Identification

Input (2 files):

Input files may contain various kinds of data.

  • RAW COORDINATES of anatomical LANDMARKS
  • RAW COORDINATES of PSEUDOlandmarks (outlines)
  • GLOBAL SIZE (centroid size, perimeter, square root area)
  • TABLE OF TRADITIONAL MENSURATIONS.

Whatever the kind of input data, you will be asked to enter them in two separate files:

  • UNKNOWN:
    • The file containing the data to be tentatively identified
  • REFERENCE:
    • The file containing all the reference data; they must be organized as successive groups in a single matrix, so that you must also provide the
    • subdivision argument: it refers to the successive groups of the reference matrix

Unknown and Reference data must have the same kind of variables in the same order (the same number of columns)

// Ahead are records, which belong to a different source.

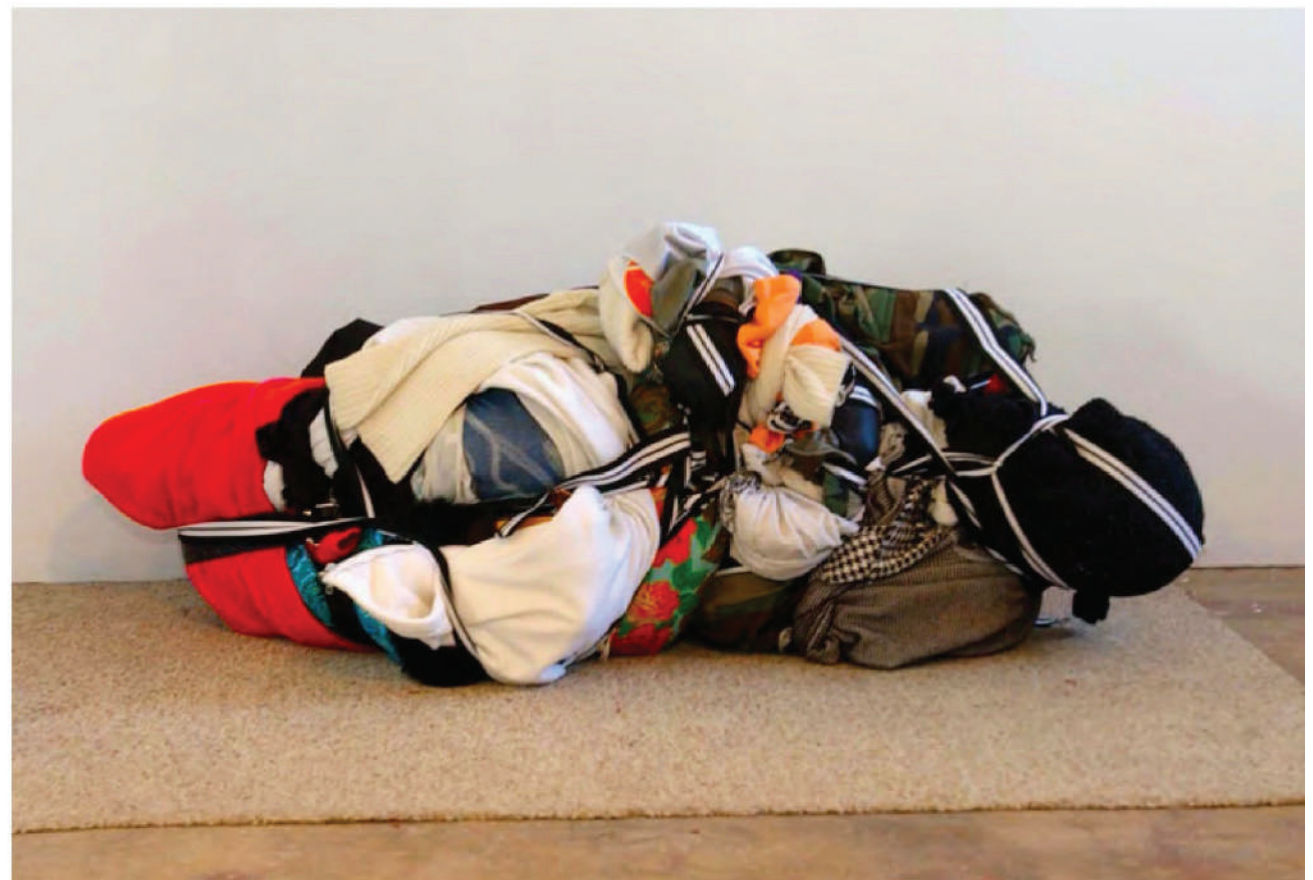
Bundle Me, 2004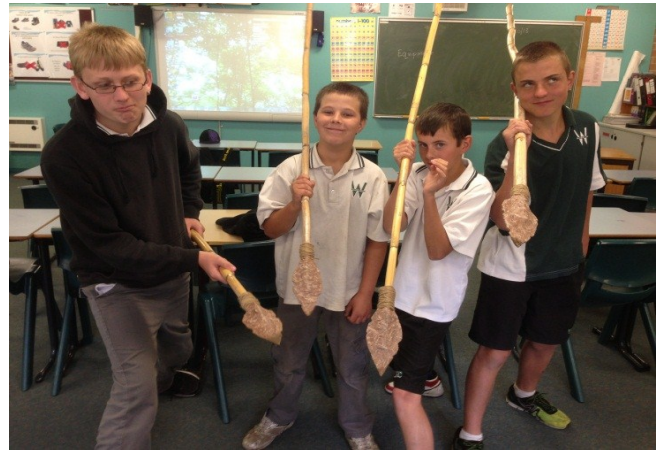
Support Juniors showing their spears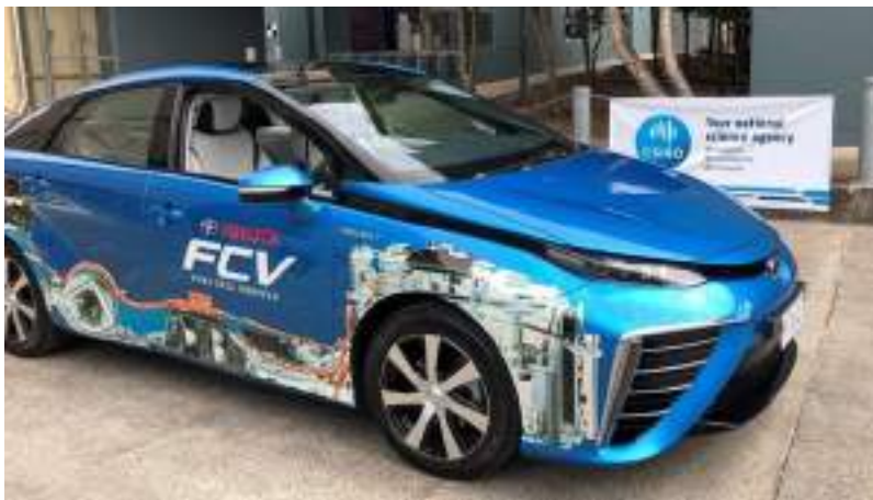
A Toyota Mirai fuel cell vehicle, ready to be fuelled with CSIRO-produced hydrogen

The CSIRO team at the Pullenvale Technology Hub in Brisbane, Queensland, developed a metallic membrane that separates hydrogen from ammonia, while at the same time ensuring the hydrogen is of an ultra-high purity by blocking other gases. Effectively, the process is a reversal of the Haber-Bosch process, used to transform hydrogen into ammonia. In this instance, the CSIRO team takes nitrogen (N) out of the air and makes ammonia (NH 3 ). The idea is that the resulting ammonia would then be shipped to the refuelling depots where the hydrogen is extracted via the membrane in a fairly low-energy process.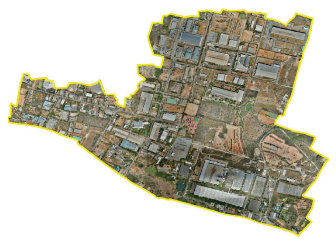
SIPCOT Hosur Industrial Park taken through GIS Mapping.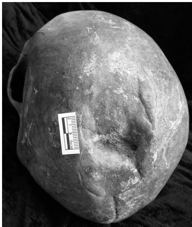
Fig. 2. A massive depression fracture can be seen on the left parietal of a Sortebrødre cranium, and a radiating fracture extends to the occipital bone. It is one of the most severe injuries that had healed.

As in all archaeological samples, the Danish skeletons were often incomplete. To be included here, the frontal and both parietal bones had to be present. That facilitated the recognition of healed fractures because the three bones had to be intact, hence well preserved. Ten frontal bones had fractures, and the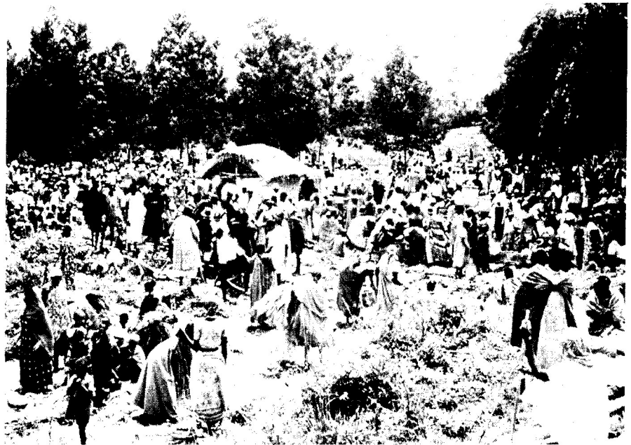
A typical native market in East Africa. Natives are better clothed than in the Congo. Markets are usually clearings cut out of the "bush." These markets are the center of native life in the country.

Copyright, December, 1957 By the Radio Church of God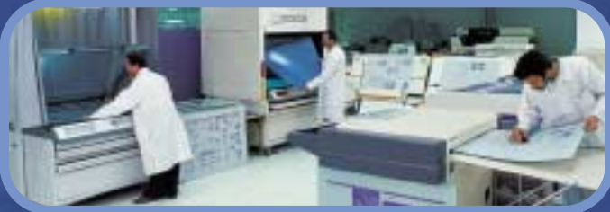
Seasoned hands take care of plate-making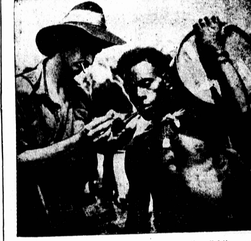
Pipe-smoking native gets a light from Australian fighting man, before setting out to carry supplies to Allied soldiers in a forward area of New Guinea's Wau-Mubo sector.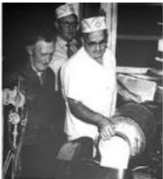
The last can of milk being processed at the Center Street Sealtest plant. 1972 Cortland Standard

$40. New York Transit Museum. Tour will take place off-site. https://www.nytransitmuseum.org/programs/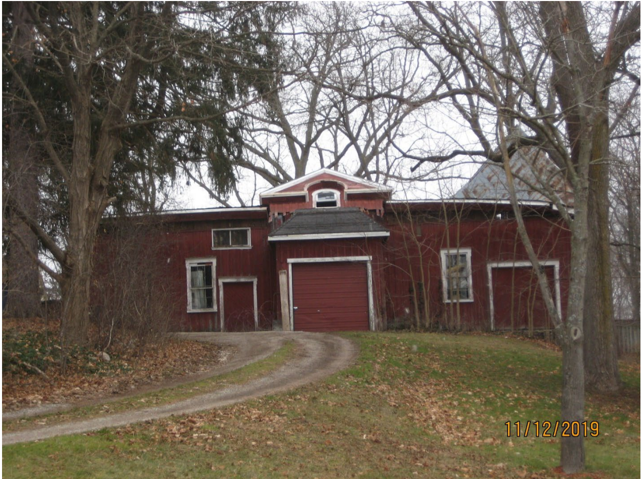
Image 7: Photograph showing the east side of the accessory building as viewed from Halls Mill Road, showing the collapse of the roof framing, December 11, 2019.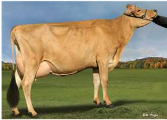
ALL LYNN'S CRAZE VERA, E-92% DAM OF LOT 21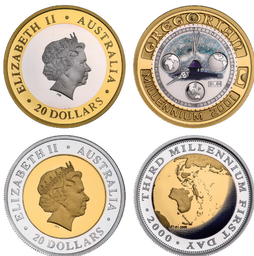
1573* Elizabeth II, Perth Mint, proof-like bi-metal silver and gold twenty dollars, 2001 Millennium issue. In cases of issue, uncirculated. (2)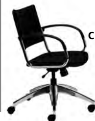
1022 A : 19" C : 15 1/2" - 20" E : 13"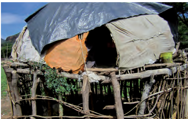
Plate 27: Stilt storage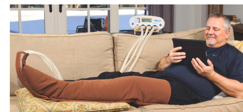
Figure 4. Patient is using a lymphedema pump at home to maintain a healthy and functional extremity once affected by extreme swelling.

There is no cure for lymphedema. However, there are many methods to help control the symptoms of lymphedema and to restore patients to a better quality of life. Treatment consists of aggressive swelling control and wound management during the treatment phase. Once all wounds have healed and the swelling is minimized, then patients will need to continue therapy for swelling control during the maintenance phase. Initially,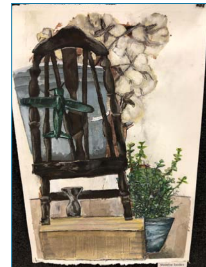
Painting by Madeline Sanders of Lovejoy High School

The City adopted what is termed a dark sky ordinance requiring all light fixtures installed after January 1, 2008 to be a full cut-off light fixture. A full cut-off operates at a forty-five-degree angle directed toward the ground to limit the amount of lighting that protrudes outward. Fixtures that do not meet this standard must be turned off before midnight, unless it is essential for security lighting. As a courtesy to neighbors, please use caution to ensure your security and landscape lighting is not "trespassing" on neighboring property. Should you have any questions regarding security or landscape lighting trespassing from other properties, please contact Code Enforcement at 972.912.1206 or aaguinaga@lucastexas.us . The City also does not require street lights unless the street lights are deemed essential by the City Engineer for safety purposes. This is another way to assist in maintaining natural dark skies in Lucas. If you have any questions regarding the need for street lights in your neighborhood, contact City Engineer Stanton Foerster at 972.912.1208 or sfoerster@lucastexas.us .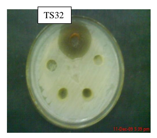
Fig 6a: Antimicrobial activity of TS32 S. chromofuscus against C. albicans

A wide range of carbon compounds were utilized by the Streptomyces isolated from soil of Raipur district of Chhattisgarh. The best carbon sources were mannitol, meso-inositol, L-rhamnose, D-melebiose, raffinose and sucrose. Five isolates i.e. TS18, TS22, TS29, TS30, and TS37, exhibited growth in adonitol. Five tests isolates i.e. TS10, TS15, TS18, TS19 and TS30 exhibited growth in xylitol and only three isolates i.e. TS15, TS18 and TS30 exhibited growth in D-melezitose, (Fig. 5a). All isolates exhibited growth in presence of L-histidine, and DL- \alpha -amino-n-butyric acid (Fig. 5b)

Analyses: identification statistics may use three approaches,

  • Mahalanobis distances: the unknown are “projected” into the discriminant space computed on the reference matrix only
  • Maximum likelihood method: see
    • Jean-Pierre Dujardin, Sebastien Dujardin, Dramane Kaba, Soledad Santillan-Guayasamin, Anita G. Villacis, Sitha Piyaselakul, Suchada Sumruayphol, Ronald Morales Vargas. 2017. The maximum likelihood identification method applied to insect morphometric data. Zoological Systematics (2017), DOI: 10.11865/zs.2017
  • Artificial Neural network (ANN, using the Multilayer Perceptron) Requires an existing and adequate weights file.
    • Please note that up to now there is no automated procedure available to process different kinds of data. Please read here (landmarks) and there (pseudolandmarks) the steps you should implement by yourself to be able to apply ANN to your data.

Output:

  • A report is issued indicating the tentative assignation of each individual to a given group of reference.

IDENTIFICATION section of XYOM: Maximum Likelihood or Mahalanobis distances methods:

According to the kind of variable announced by the user, XYOM will automatically perform some data transformation as described hereunder. 

  • In case of RAW COORDINATES of anatomical LANDMARKS
    • Concatenating raw landmarks of unknown and reference individuals
    • GPA (Generalised Procrustes Analysis) on these concatenated data
    • PCA on resulting ORP (orthogonal projections, also called Procrustes residuals)
    • Splitting the file of PCs of shape into two files, one containing the PCs corresponding to the unknown individuals and one containing the PCs corresponding to the reference individuals.
  • In case of RAW COORDINATES of PSEUDOlandmarks (outlines)
    • EFA (Elliptic Fourier Analysis) separately on UNKNOWN and REFERENCE data.
      • For the EFA, it is not mandatory to concatenate unknown and reference data into one file for subsequent comparisons. Indeed, in the process of size and shape separation, each individual is treated independently of the remaining individuals. In the EFA, shape generation (NEF) does not need to use the consensus of the data (as in the GPA)
    • Removing the three first columns of NEFs (Normalised Elliptic Fourier ‘s coefficients) on both UNKNOWN and REFERENCE data
      • For each individual, the three first coefficients are “degenerated” in the process of rotation and size correction.
    • Taking a number of NEF identical for each individual (same number of columns by rows), using as a maximum the number of columns of the individual described by the minimum number of coefficients, either an unknown or a reference specimen.
      • This step might reduce the power of shape reconstruction for the remaining individuals, but is mandatory to perform identification statistics.
    • Concatenating NEFs of unknown and reference specimens (MISCELLANEOUS, Working on data files, Concatenate, By Rows)
      • This merging of the two files (Unknown NEF and Reference NEF) is made necessary because of the next step: the Principal Component Analysis (PCA).
    • PCA on the merged NEF data
    • Splitting the file of PCs of shape into two files, one containing the PCs corresponding to the unknown individuals and one containing the PCs corresponding to the reference individuals.
  • In case of TRADITIONAL MENSURATIONS (could be also a Table of NEFs)
    • Concatenating unknown and reference data
    • PCA on these data
    • Splitting the file of PCs into two files, one containing the PCs corresponding to the unknown individuals and one containing the PCs corresponding to the reference individuals.

IDENTIFICATION section of XYOM: Artificial Neural Network (ANN) method

  • RAW COORDINATES of anatomical LANDMARKS not allowed
  • RAW COORDINATES of anatomical PSEUDO LANDMARKS not allowed
  • Normalized Elliptic Fourier coefficients (NEF) allowed only under some conditions
  • For any other kind of data, please remember that a previous learning step is mandatory at the MACHINE LEARNING section of XYOM.